As used here, a metal plated film means a metal film plated onto a wafer via electro-chemical or electro less methods, and not a seed layer as applied onto a wafer using other techniques.

Thus, novel methods have been shown and described. Various changes and substitutions may of course be made without departing from the spirit and scope of the invention. The invention, therefore, should not be limited except by the following claims and their equivalents.

Claims

1. A method for processing a wafer having a metal-plated film, comprising:

placing the wafer into or onto a rotor in a processor;

rotating the wafer;

applying DI water onto an up-facing front side of the wafer at a first flow rate;

applying an etchant onto a down-facing back side of the wafer at a second flow rate at last five times greater than the first flow rate, with the etchant flowing around an edge of the wafer having a notch, and onto the front side of the wafer, and with the etchant removing metal-plated film from the notch.

2. The method of claim 1 with the wafer including an exclusion zone having a width of 1.5 mm or less formed on the front side of the wafer.

3. The method of claim 1 with the second flow rate at least 20 times greater than the first flow rate.

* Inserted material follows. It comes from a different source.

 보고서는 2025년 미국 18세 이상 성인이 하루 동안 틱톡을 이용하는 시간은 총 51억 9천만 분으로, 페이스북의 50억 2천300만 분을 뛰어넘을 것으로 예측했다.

4. The method of claim 1 with the metal plated film comprising a copper film having a thickness of at least 0.5 microns and with etchant comprising sulfuric acid, the second flow rate exceeding 450 mL/min and rotating the wafer at 500-1200 rpm.

5. The method of claim 4 with the wafer having a diameter of 300 mm and with the DI water forming a water film boundary line on the front side of the wafer within 0.7 mm of the edge of the wafer, and with the etchant contacting the boundary line.

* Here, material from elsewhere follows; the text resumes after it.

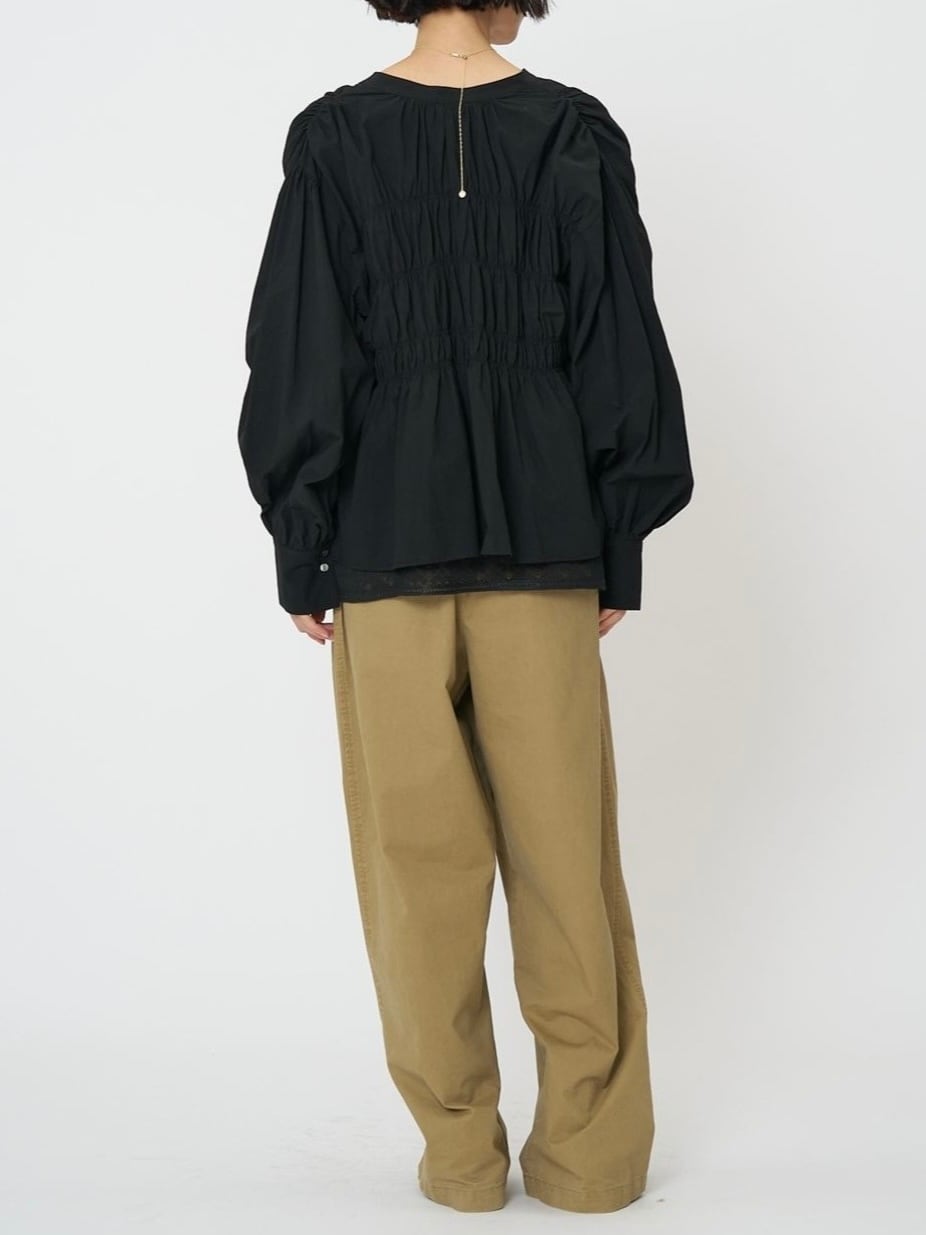 コットン素材を使用した、シャーリングデザインのブラウス。

6. The method of claim 2 with the edge exclusion zone having a width of less than 1.25 mm.

7. The method of claim 1 with the metal-plated film having a uniform thickness on the wafer.

8. The method of claim 1 with the metal plated film comprising a copper film electroplated onto the wafer via a wet contact ring.

9. The method of claim 2 wherein the notch has a radial depth greater than the width of the exclusion zone.

10. The method of claim 1 wherein the first flow rate, the second flow rate, and the rotation speed are selected to create a static annular boundary on the front side of the wafer between etchant and the water.

11. A method for processing a wafer having a metal film in a notch at an edge of the wafer, comprising:

rotating the wafer;

applying a first liquid comprising water onto an up-facing front side of the wafer at a first flow rate;

applying a second liquid onto a down-facing back side of the wafer at a second flow rate, with the second liquid comprising a metal etchant and the second liquid flowing around an edge of the wafer and over the notch, and onto an annular outer edge on the front side of the wafer with the etchant removing metal-plated film from the notch; and

controlling the first flow rate, the second flow rate, and the rotation speed to create a static annular boundary on the front side of the wafer between the etchant and the first liquid.

12. The method of claim 11 with the second flow rate 5-15 times greater than the first flow rate.

13. The method of claim 11 with the metal film in the notch having a thickness of 0.5 to 3 microns.

14. The method of claim 11 with the exclusion zone having a width of 1-1.5 mm.

15. A method for processing a wafer having a metal-plated film in a notch, comprising:

performing a notch cleaning step that includes: rotating the wafer; applying water onto an up-facing front side of the wafer at a first flow rate; applying an etchant onto a down-facing back side of the wafer at a second flow rate at last five times greater than the first flow rate, with the etchant flowing over the notch and onto the front side of the wafer, and with the etchant removing metal-plated film from the notch; and

performing a separate etch process to create an edge exclusion zone on the front side of the wafer having a width of less than 1.5 mm; and with either notch cleaning step or the separate etch process performed before the other.

16. The method of claim 15 with second flow rate at least 25 times greater than the first flow rate.